Mais pour qui connaît moussa Dadis et tout ce qui a déjà été fait pour opposer les frères d’un même pays, la force reste la seule option possible et nécessaire, pour éviter une situation rwandaise.

Cette force a elle aussi deux option :

Si la communauté internationale a vraiment la volonté de nous aider il lui faut faire une opération militaire pour renverser moussa Dadis. La même chose qu’elle a faite en sierra Leone pour réinstaller Tidjane KABA. La même chose pour faire partir Bokassa en Afrique centrale. (Opération barracuda).

Il y a un temps pour la diplomatie et un temps pour la force.

La diplomatie n’a plus sa place dans le problème guinéen ; les voyages multiples des uns et des autres n’ont aucun sens et sont une perte de temps dont seuls les pauvres guinéens payeront les conséquences. Même ces hommes et femmes appelés forces vives, ne perdent pas, parce que n’ayant pas de famille pour la plus part en guinée. Pendant ce temps, moussa se prépare mieux, achète des armes et obtient la caution d’autres idiots de la sous région.

C’est une occasion pour rappeler à nos frères guerzés, toma, et à tout les autres, que nous sommes une famille et que la politique ne doit en aucun cas nous divisé. Tout les guinéens sont présidentiables. Moussa n’est pas présidentiable parce que il est militaire en plein exercice, parce que il a promis ne pas se présenter aux élections. Il est de ce fait inadmissible qu’il confisque le pouvoir.

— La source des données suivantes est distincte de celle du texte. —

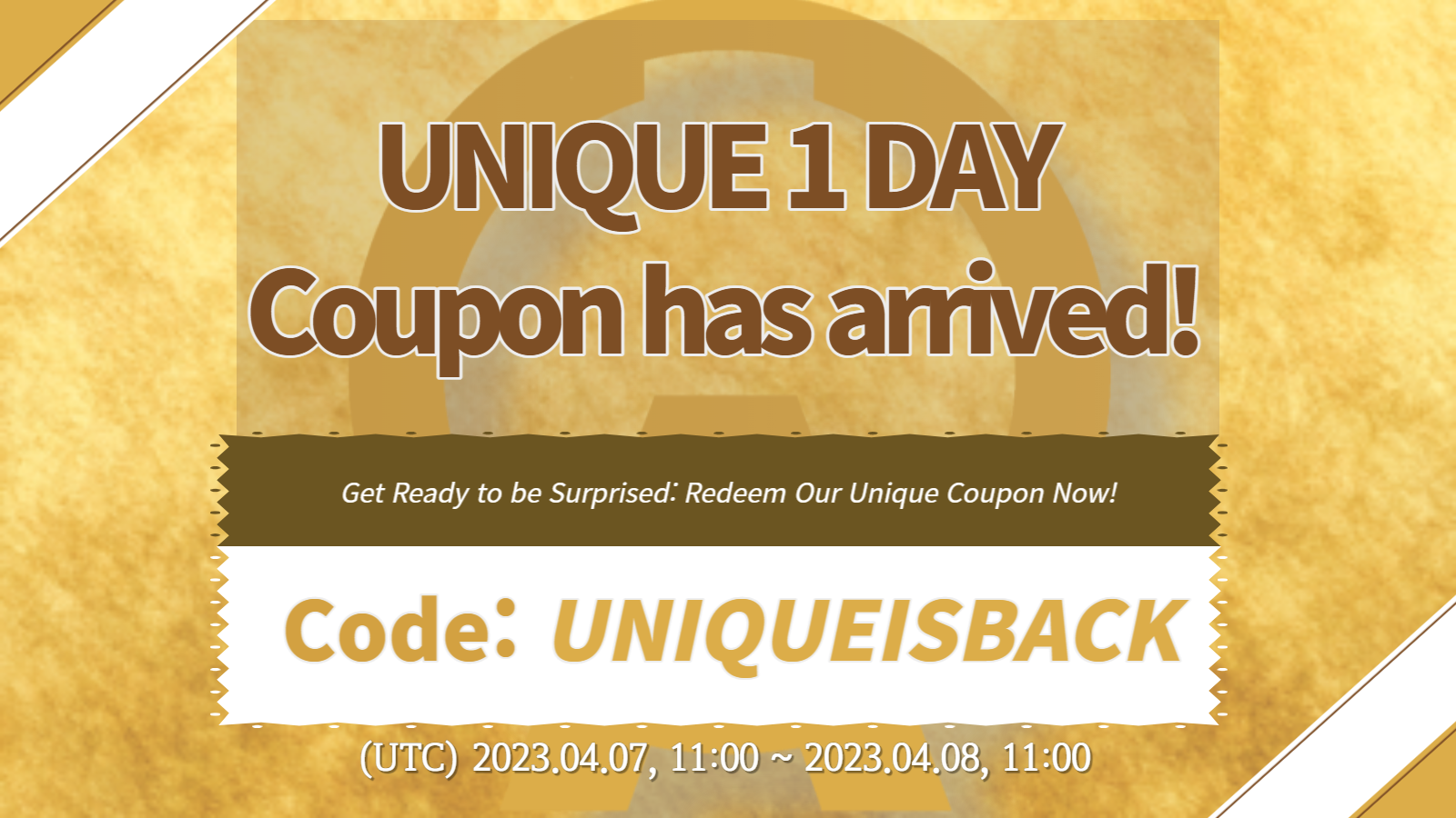 [The coupon can be redeemed during this schedule] > Time (UTC) 2023. 04. 03, 12:00 pm ~ 2023. 04. 04, 12:00 pm

Personnellement, je suis fils de beyla, la capitale du konia, donc forestier. Mon meilleur ami est guerzé et il représente assez dans ma vie. Il se nomme Félix lamah, cadre dans une entreprise privée à conakry.

Il aurait été policier comme moi, mais y est passé tout près.

Félix est un ami d’enfance comme Théodore kourouma et jamais il n’y a eu mésentente.

Dans mon exil, l’homme qui me sert d’aide de camp est un forestier et  il est plus qu’un frère parce que responsable de ma vie.

Je lance alors un appel pressant aux cadres de notre région pour que chacun en ce qui le concerne, use de son poids dans sa famille, dans son village pour dissuader ses frères afin d’éviter le pire.

Nous forestiers devons savoir que les halogènes sont nos frères, ils sont guinéens et peuvent aussi se défendre en cas d’agression. Ce qui n’est pas souhaitable.

Nul n’a le monopole de la violence !

Il y a quelques mois, j’ai serré la main au ministre guinéen des affaires étrangères. J’avais honte et j’avais même envie de lui lapider avec le pied gauche de ma vieille chaussure. La présence d’un ambassadeur pour le quel j’ai de l’égard fut sa chance. Aussi je serai ridicule en donnant une importance à moussa Dadis par cet acte.

Voici un intellectuel, un grand diplomate qui s’illustre dans la bassesse sur fond tribal.

Il rappel le consul de guinée à Abidjan, le quel est diplomate et officier de gendarmerie et le fait remplacer par un membre du personnel local. Naturellement, c’est son parent. Cela est une insulte à la diplomatie guinéenne et au personnel du ministère des affaires étrangères.

Vivement que la communauté internationale vole au secours de la guigne, car si il y a éclatement, la facture sera très salée.